«Да, Борис Пастернак замечательный поэт нашей страны и замечательный гражданин нашей страны… Вам, Борис Пастернак, дан замечательный паровоз. При помощи этого паровоза вы можете тянуть целый состав полезного груза. Мне было бы обидно, если бы вы использовали этот паровоз для одной только платформы, груженной хотя бы очень ценным грузом. Вы должны целый состав везти».
Это был не первый случай в пастернаковской биографии, когда советская власть расстреливала человека, учившего Пастернака быть более советским. Впоследствии перед его глазами прошла целая галерея низвергнутых вождей, которые во времена его молодости требовали от него идейности, народности, партийности — а теперь вот, со всей своей партийной идейностью, маршировали в яму, и от Пастернака требовали уже одобрения их расстрела. Впоследствии, в сороковых, на советы написать «что-нибудь общественное» и тем реабилитировать себя он радостно кричал: «Да, да, мне это еще ваш Троцкий говорил!» — после чего советчик испуганно удалялся. Пастернак и сам многим говорил об этой смене ролей вокруг него:
вот, говорил он Афиногенову, я помню Пикеля, как он на меня обрушивался (Пикель был критик, один из «группы шестнадцати», фигурант августовского процесса тридцать шестого, на котором были осуждены Каменев и Зиновьев). Теперь другие с теми же обвинениями обрушиваются на Пикеля, но я не чувствую никакой радости, потому что и лица у них, как у него, и интонации пикелевские… (и ждет их то же самое, домыслим недосказанное). Не то чтобы шанс уцелеть в тридцать седьмом был только у тех, кто не колебался вместе с генеральной линией,— шансы у всех были одинаковы,— но те, кто не колебался, по крайней мере гибли не так позорно. В некотором смысле это урок не только для эпохи террора, но и для любой эпохи вообще — всякая жизнь кончается смертью, и бессмысленно говорить, что уцелеют достойнейшие. Просто у достойнейших есть предсмертные утешения, которых люди хитрые или суетливые лишаются по доброй воле.
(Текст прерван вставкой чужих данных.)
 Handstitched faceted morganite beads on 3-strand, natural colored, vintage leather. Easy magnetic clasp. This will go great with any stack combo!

Заметим кстати, что театр террора был вдобавок театром абсурда — писателям предлагалось потребовать расстрела для полководцев, которых уже убили за три дня до того: Тухачевский, Эйдеман и Якир были осуждены 11 июня 1937 года и в тот же день поспешно расстреляны, но об этом, по обыкновению, не сообщалось, так что творческая интеллигенция, выходит, требовала казнить их вторично.
Зинаида Николаевна позвала Пастернака в дом; он подошел к ней, оставив за калиткой гонца из союза.
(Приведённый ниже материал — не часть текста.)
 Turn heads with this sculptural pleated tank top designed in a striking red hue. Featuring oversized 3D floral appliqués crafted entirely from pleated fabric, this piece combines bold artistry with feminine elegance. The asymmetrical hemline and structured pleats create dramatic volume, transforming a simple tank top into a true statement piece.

— Что там?— прошептала она.
— Требуют моей подписи под одобрением казней.
— Ты подписал?
— Нет, и никогда не подпишу.
Зинаида Николаевна бросилась Пастернаку в ноги и умоляла ради их будущего ребенка подписать проклятый документ.
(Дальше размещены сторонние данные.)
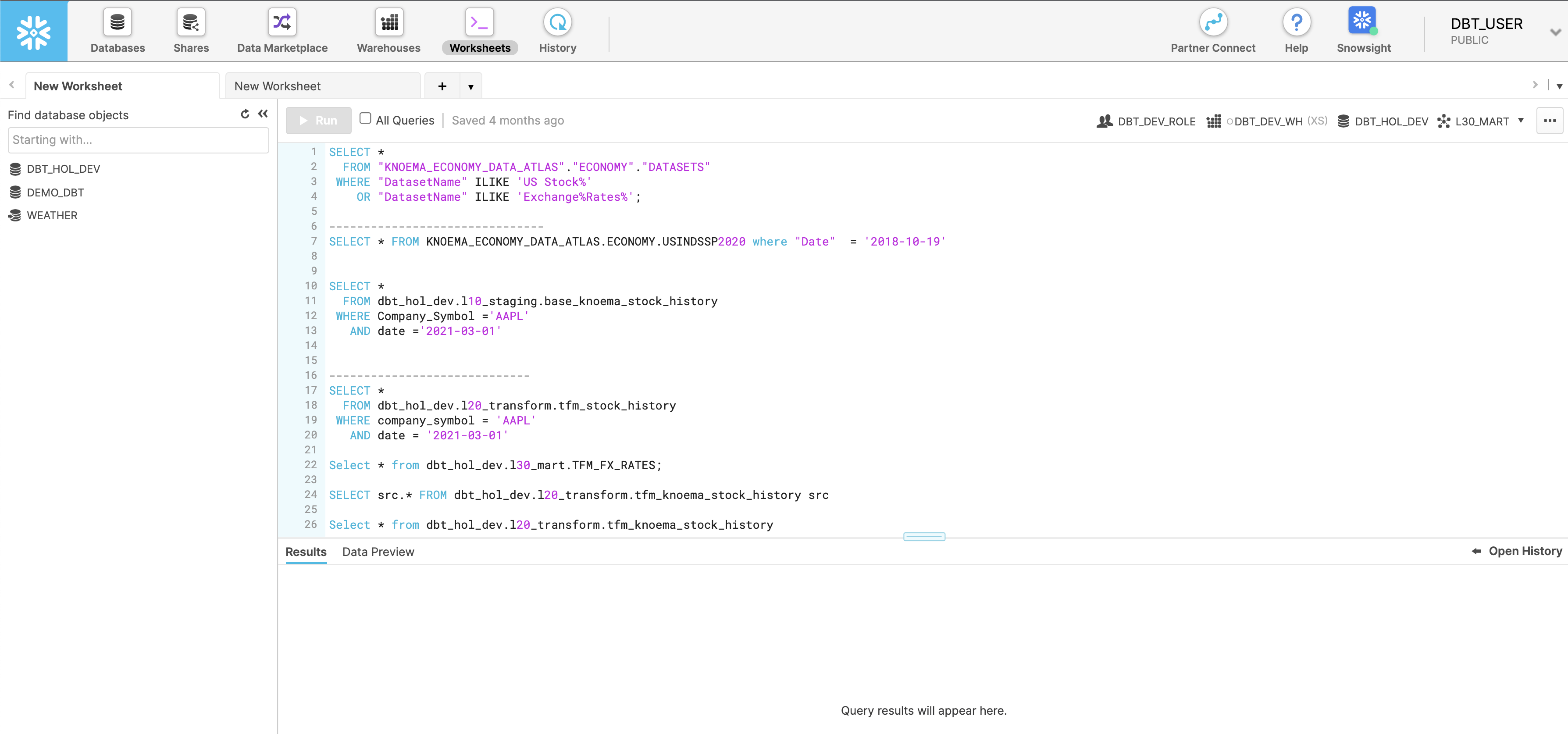 USE ROLE SECURITYADMIN; CREATE OR REPLACE ROLE dbt_DEV_ROLE COMMENT='dbt_DEV_ROLE'; GRANT ROLE dbt_DEV_ROLE TO ROLE SYSADMIN; CREATE OR REPLACE USER dbt_USER PASSWORD='<PASSWORD>' DEFAULT_ROLE=dbt_DEV_ROLE DEFAULT_WAREHOUSE=dbt_WH COMMENT='dbt User'; GRANT ROLE dbt_DEV_ROLE TO USER dbt_USER; -- Grant privileges to role USE ROLE ACCOUNTADMIN; GRANT CREATE DATABASE ON ACCOUNT TO ROLE dbt_DEV_ROLE; /*--------------------------------------------------------------------------- Next we will create a virtual warehouse that will be used ---------------------------------------------------------------------------*/ USE ROLE SYSADMIN; --Create Warehouse for dbt work CREATE OR REPLACE WAREHOUSE dbt_DEV_WH WITH WAREHOUSE_SIZE = 'XSMALL' AUTO_SUSPEND = 120 AUTO_RESUME = true INITIALLY_SUSPENDED = TRUE; GRANT ALL ON WAREHOUSE dbt_DEV_WH TO ROLE dbt_DEV_ROLE;

— Если я подпишу, я буду другим человеком,— ответил он.— А судьба ребенка от другого человека меня не волнует.
— Но он погибнет!
— Пусть гибнет!— сказал Пастернак голосом, какого Зинаида Николаевна никогда у него прежде не слышала. Ей пришлось отступиться. Посланный все ждал. Пастернак снова вышел к нему.
— Пусть мне грозит та же участь,— сказал он громко, так, что и в доме было слышно.— Я готов погибнуть со всеми.
Чиновник уехал собирать подписи дальше и, видимо, не утаил от начальственных обитателей Переделкина пастернаковского демарша. Через час по жаре заявился Павленко. Он с порога обозвал Пастернака христосиком и стал вымогать подпись. С Павленко, как ни странно, у Пастернака были сносные отношения — по крайней мере внешне; на этой фигуре вообще стоит остановиться — хотя бы потому, что дом Пастернака стоит на улице Павленко. Они были соседями. Система отношений Пастернака с любым начальством — общегосударственным ли, писательским — была тщательно продумана: он никогда ни перед кем не лебезил, как бы давая понять крупным чиновникам, что они слишком умны, слишком крупны для того, чтобы покупаться на дешевую лесть. Начальство в сталинские времена любило, когда с ним разговаривали на равных,— это предполагало в бонзах определенную широту души. Разговор с Павленко прошел в той же простой и демократичной манере: прости, Петя, но я ничего подписывать не буду. Ведь ты и сам писатель! (Пастернак любил им всем давать понять, что они тоже писатели, хотя, разумеется, отлично знал цену их литературе; благодаря этой тонкой манере Павленко на верхах неизменно отзывался о Пастернаке как о чудаковатом, но в общем «нашем».) Петя еще несколько раз выразился насчет христосика и ушел.